Regardless of the underlying data structures used to implement statistics, memory usage will grow with the number of hosts and clusters. When a PR is issued that adds new per-host or per-cluster stats, this will have a multiplicative effect on consumed memory. This can become significant for deployments with O(10k) clusters or hosts.

To improve visibility for this memory growth, there are memory-usage integration tests.

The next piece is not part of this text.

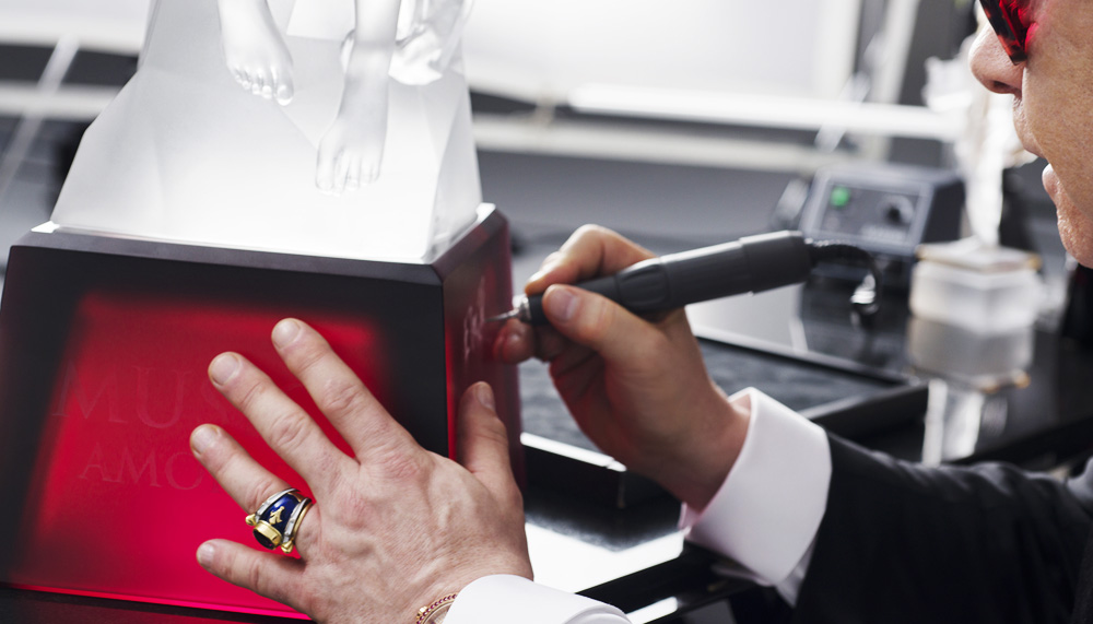 Indeed, Elton John and Lalique first began working on the pieces two years ago – they had worked together on a number of less show-stopping, cherubic pieces in 1997, also for Elton John AIDS Foundation, and clearly wanted to top those. This is why, while the limited edition pieces were made using an iron mould – allowing for multiples to be produced – the auctioned pieces were made using the more precarious lost wax mould technique, by which a wax model is carved, coated in plaster, heated to allow the wax to melt away and the plaster to harden, leaving a one-use mould into which to pour the glass.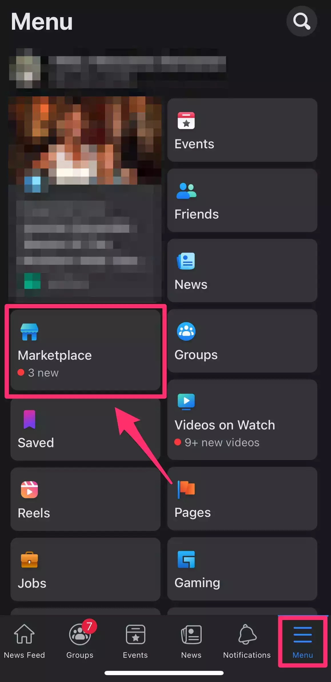 如果您使用的是 Facebook 应用程序,请点击“菜单”图标(看起来像三条水平线),然后点击“市场”。如果您没有在列表中看到它,请点击查看更多以查看完整菜单。

If a PR fails the tests in that file due to unexpected memory consumption, it gives the author and reviewer an opportunity to consider the cost/value of the new stats. If the test fails because the new byte-count is lower, then all that's needed is to lock in the improvement by updating the expected values. If the new per-cluster or per-host memory consumption is higher, then we must decide whether the value from the added stats justify the overhead for all Envoy deployments. In either case, we must update the golden values and add a comment to the table in the test indicating the memory impact of each PR.

Developers trying to can iterate through changes in these tests locally with:

  bazel test -c opt --test_env=ENVOY_MEMORY_TEST_EXACT=true \
      test/integration:stats_integration_test

Debugging Symbol Table Assertions

If you are visiting this section because you saw a message like:

[...][16][critical][assert] [source/common/stats/symbol_table.cc:341] assert failure:
decode_search != decode_map_.end(). Details: Please see
https://github.com/envoyproxy/envoy/blob/main/source/docs/stats.md#debugging-symbol-table-assertions

then you have come to the right place.

In production, there is generally one SymbolTable per process, except in the 3 or 4 places where IsolatedStoreImpl is deliberately instantiated. In those scenarios, we don't expect names from these stores to be joined together.

In tests, however, most of the Envoy mock structures do not allow any context to be passed into constructors. So each mock structure instance that requires a symbol table must instantiate its own. This is fine if they are truly isolated, but in a number of scenarios, StatNames from different structures are joined together during stat construction. Comingling of StatNames from different symbol tables does not work, and the first evidence of this is usually an assertion on the decode_map_ lookup in SymbolTableImpl::incRefCount.

To avoid this assertion, we must ensure that the symbols being combined all come from the same symbol table. To facilitate this, a test-only global singleton can be instantiated, via either Stats::TestUtil::TestSymbolTable or Stats::TestUtil::TestStore. All such structures use a singleton symbol-table whose lifetime is a single test method. This should resolve the assertion.

Deferred Initialization of Stats

When :ref:enable_deferred_creation_stats <envoy_v3_api_field_config.bootstrap.v3.Bootstrap.deferred_stat_options> is enabled in Bootstrap, for stats that are deferred creation compatible, the actual stats struct creation is deferred to first access of any member of that stats, i.e. instantiation only happens when an invocation on operator "*" or "->" happens.